== SUPPLIED MATERIAL ==
-- -- --

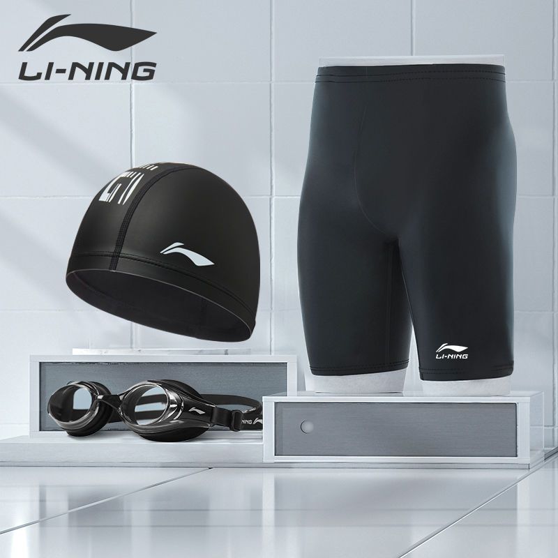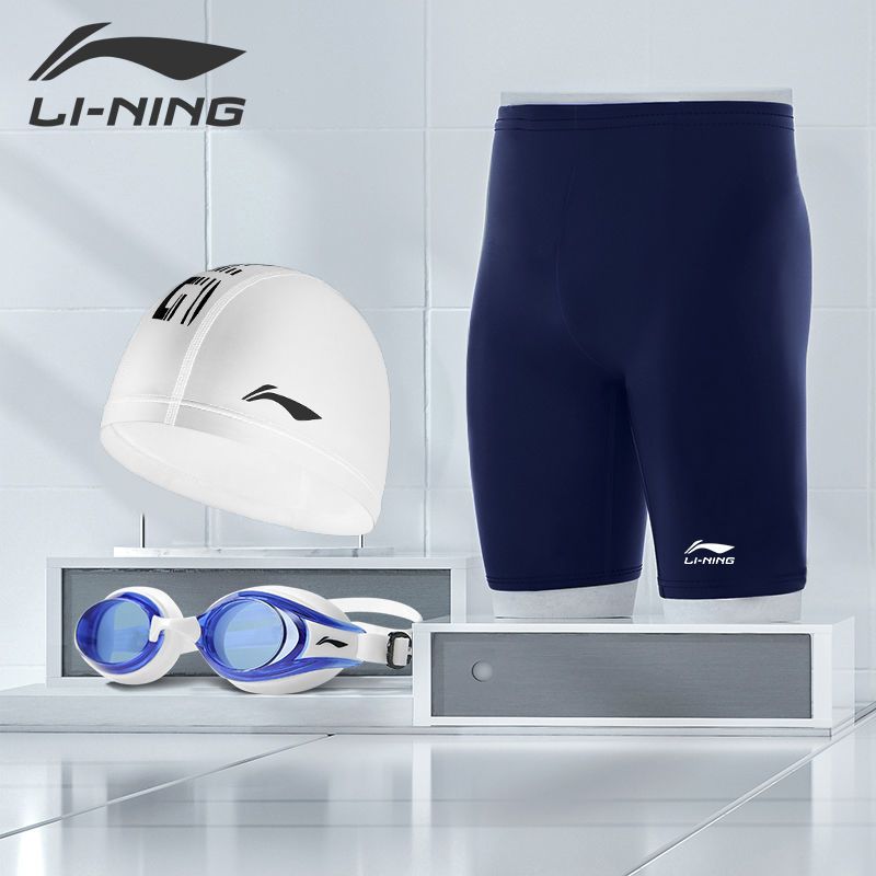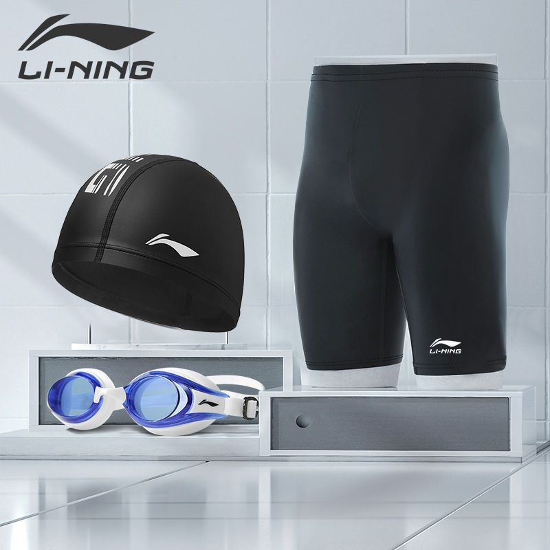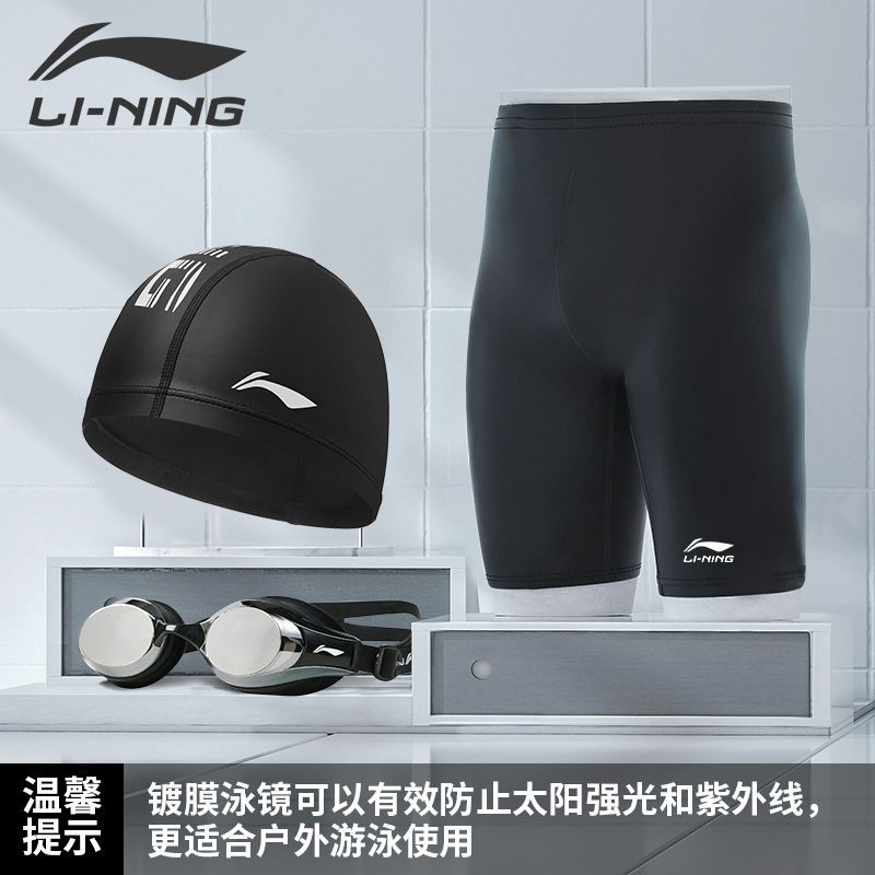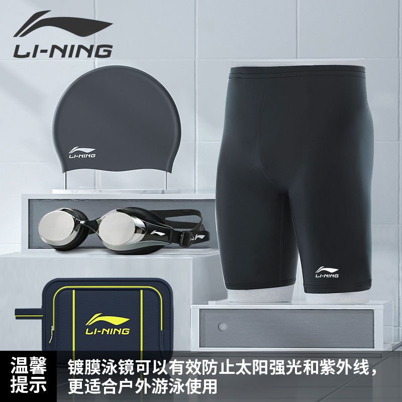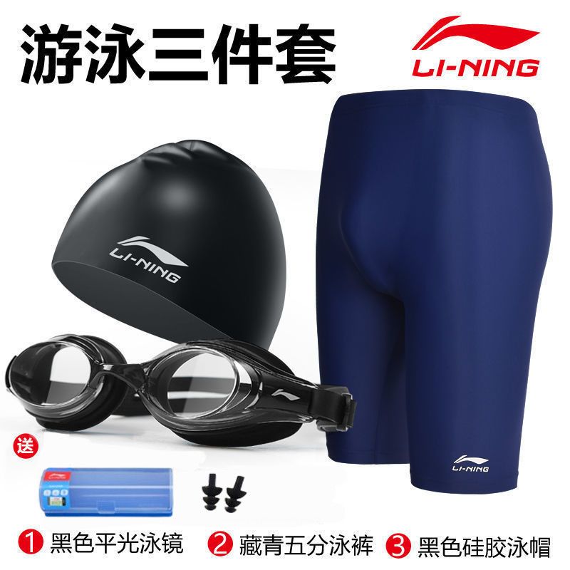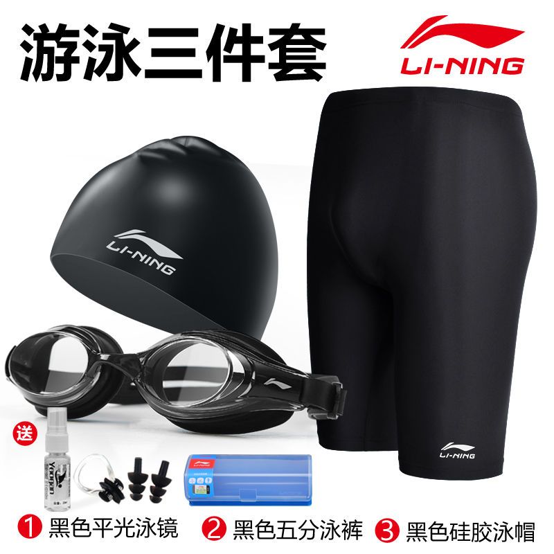 李宁游泳裤男平角裤防尴尬速干五分男士泳衣泳镜泳帽套装大码装备
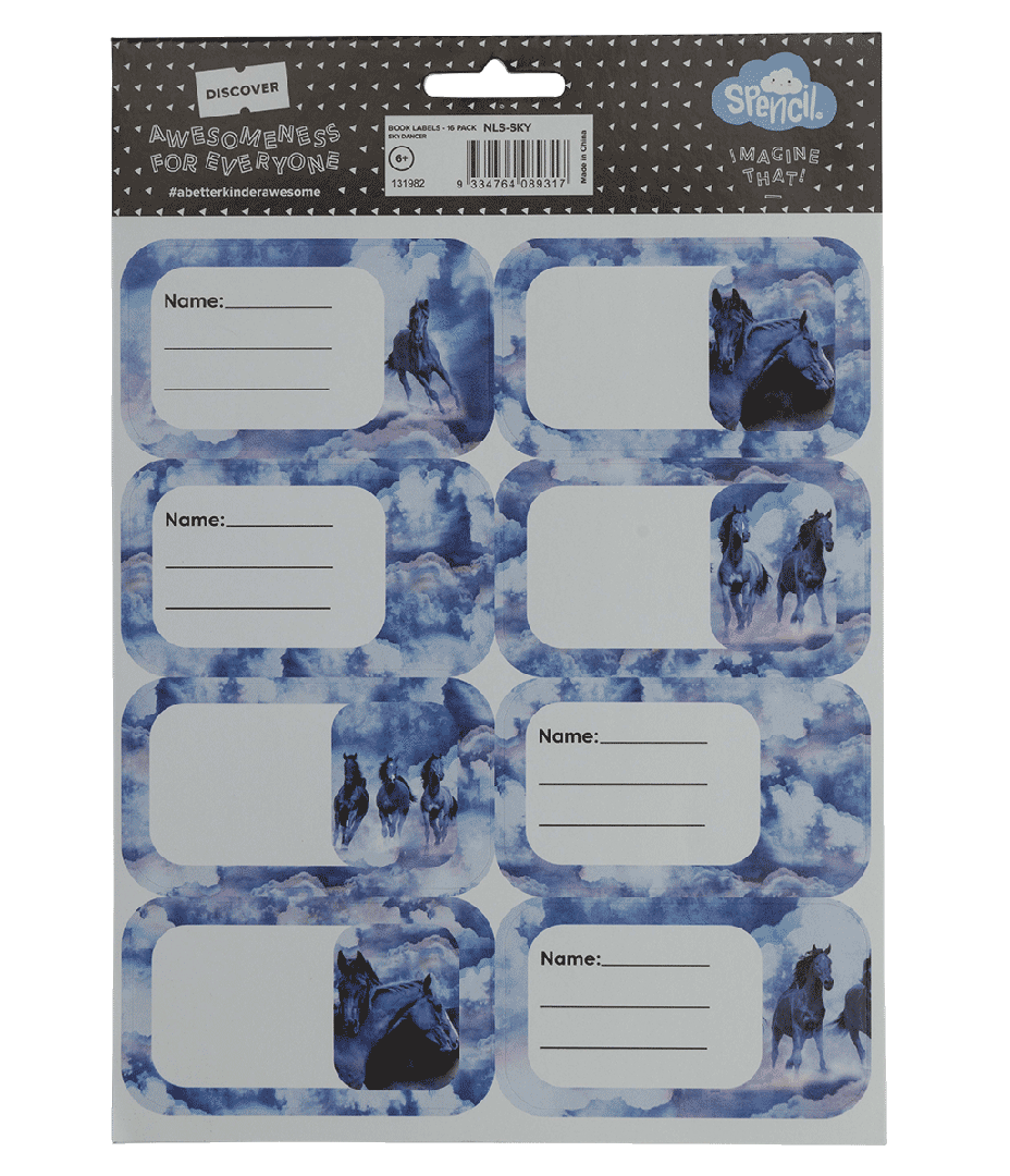 Book Labels - Sky Dancer: The kiddos will never mix up their books again with these gorgeous book name labels. Not your average plain label, the cute designs bring a bit of fun into the school day! With blank and lined options for easy writing, there is space for your kid's name and subject on each of the 16 assorted labels. Perfect for school books as well as Spencil book covers to make them even more re-useable, year after year!
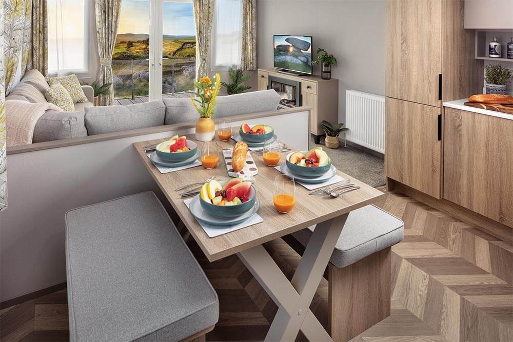 Family dining is ideal in the Stonewood kitchen, the low maintenance, stylish L shaped kitchen with its warm wooden tones offers a great amount of storage with all the kitchen essentials your guests expect and the dining table with matching bench seating is perfect for sitting around to enjoy mealtimes.
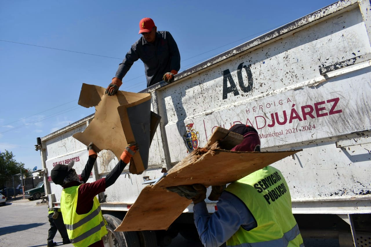 CD. JUAREZ, CHIH.- Personal de la Dirección de Limpia atendió el fraccionamiento Urbivillas del Cedro etapa II con el programa de destilichadero, con el fin de auxiliar a los vecinos del sector a desechar los artículos en desuso que generan basura y proliferación de fauna nociva.
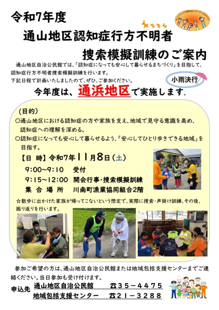 認知症行方不明者捜索模擬訓練開催のお知らせ

-- -- --

== WHAT IS NEEDED ==
All lines from the one containing "CD. JUAREZ, CHIH.- Personal" through the end of the entries above must be given again exactly, with every picture omitted.

== TASK ANSWER ==
 CD. JUAREZ, CHIH.- Personal de la Dirección de Limpia atendió el fraccionamiento Urbivillas del Cedro etapa II con el programa de destilichadero, con el fin de auxiliar a los vecinos del sector a desechar los artículos en desuso que generan basura y proliferación de fauna nociva.
 認知症行方不明者捜索模擬訓練開催のお知らせ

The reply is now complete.